C’est par son hermétisme, cette « voix confuse où l’articulation fait défaut (1) », que l’œuvre de Benoît Maire est généralement reçue par des spectateurs pouvant se confronter à leur impuissance à déchiffrer les éléments épars ou la densité des discours qu’il met à leur disposition. La critique, quant à elle, l’a largement analysée à l’aune d’une pratique sous influence, où s’exprimerait « la théorie comme médium »,

et qui chercherait à « donner une forme visuelle et émotionnelle à un concept théorique (2) » à partir d’un lexique formel composé de documents et d’objets qui permettrait d’indexer la pensée tout en contournant l’écueil de l’œuvre achevée. C’est peut-être là que surgit le second aspect problématique du travail de Benoît Maire, mais considéré cette fois sous l’angle critique. Si l’ancrage référentiel dans le champ philosophique ne soulève pas de problème en soi, il est moins évident de visualiser son passage à un régime esthétique, où peut se poser la question de la « validité » des formes exprimant l’affect autour des idées. Bien évidemment, les œuvres ne peuvent se contenter d’être l’illustration littérale d’un concept existant et revendiquent leur essence subjective. Si la théorie est devenue une référence pour nombre de plasticiens contemporains depuis les années 1960 et un prisme largement sollicité par la critique pour l’analyser, Benoît Maire l’exacerbe en principe directeur : elle n’est plus seulement diffuse ou souterraine, mais comme mise au jour plastiquement. Ce surréférencement n’est pas sans susciter réactions et agacements, même si l’artiste semble soucieux d’éviter le piège de l’autosuffisance. Il y a, assez paradoxalement, une forme de démocratie dans cette « voix confuse » qui produit une certaine égalité dans sa réception, loin d’une stratégie de détournement autoréférentiel renfermant le milieu de l’art sur ses propres codes. Le fait est finalement assez simple : il manipule sa culture, liée à l’académisme, comme un style – bien qu’on puisse peut-être lui reprocher de ne pas assez jouer contre, de ne pas la piéger suffisamment.

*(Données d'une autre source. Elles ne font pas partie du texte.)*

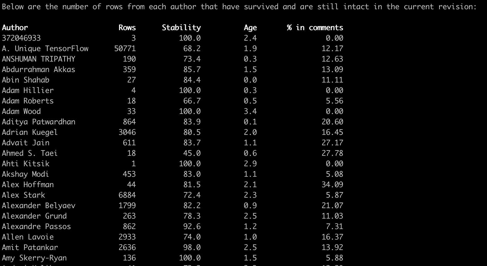 The latter chart also suggests a drawback of Hercules: dependencies (e.g., Tensorflow) and processing time. There is some heavy duty data processing necessary to create these reports, and the author has documented that these reports can strain under the weight of large development teams.

L’espace nu, 2010. Vues de l’exposition

L’espace nu, 2010. Vues de l’exposition

Une autre hypothèse, certes un peu fantaisiste, surgit à la lecture de Perdre des théories de Vila-Matas (3), lui aussi fervent amateur d’intertextualité et de citations (parfois falsifiées). Alors qu’il se rend à un symposium sur le roman à Lyon, le double littéraire de l’auteur, reclus dans son hôtel où il a apparemment été oublié par les organisateurs, en profite pour élaborer, à partir du Rivage des Syrtes de Gracq, une théorie générale du roman reposant notamment sur l’intertextualité, la connexion avec la haute poésie, la notion de style supérieure à celle de l’intrigue. Une fois esquissée, il constate que « le seul objectif de [la] théorie de Lyon était de [le] libérer de son contenu, d’écrire, de perdre des pays, de voyager et de perdre des théories, de les perdre toutes 3 ». On pourrait alors supposer que Benoît Maire, lui aussi, énonce les théories pour mieux s’en déprendre, traitant les concepts (la cécité, la nudité, la répétition…) les uns après les autres comme pour épuiser un rapport à la théorie, qui se révélerait plus ambigu que prévu. Cela passerait également par une exagération jusqu’au-boutiste du langage universitaire dans le cadre d’œuvres comme L’Obstacle est la tautologie, où l’on ne peut s’empêcher de déceler une entreprise caricaturale ou absurde. La théorie se dissout dans la fiction et l’incarnation, à l’image de Sébastien Planchard, ce philosophe inventé, double conceptuel de l’artiste. À sa manière, il met en doute le discours et la logique, avançant la proposition d’une réification de la pensée par l’image ou l’objet ; chaque mot pouvant engendrer une forme, comme Broodthaers l’a démontré avec la poésie dans Pense-bête et Un coup de Dés jamais n’abolira le Hasard. Chez Maire, l’art, s’il l’emporte sur la théorie, se présente également comme l’occasion de sa réitération.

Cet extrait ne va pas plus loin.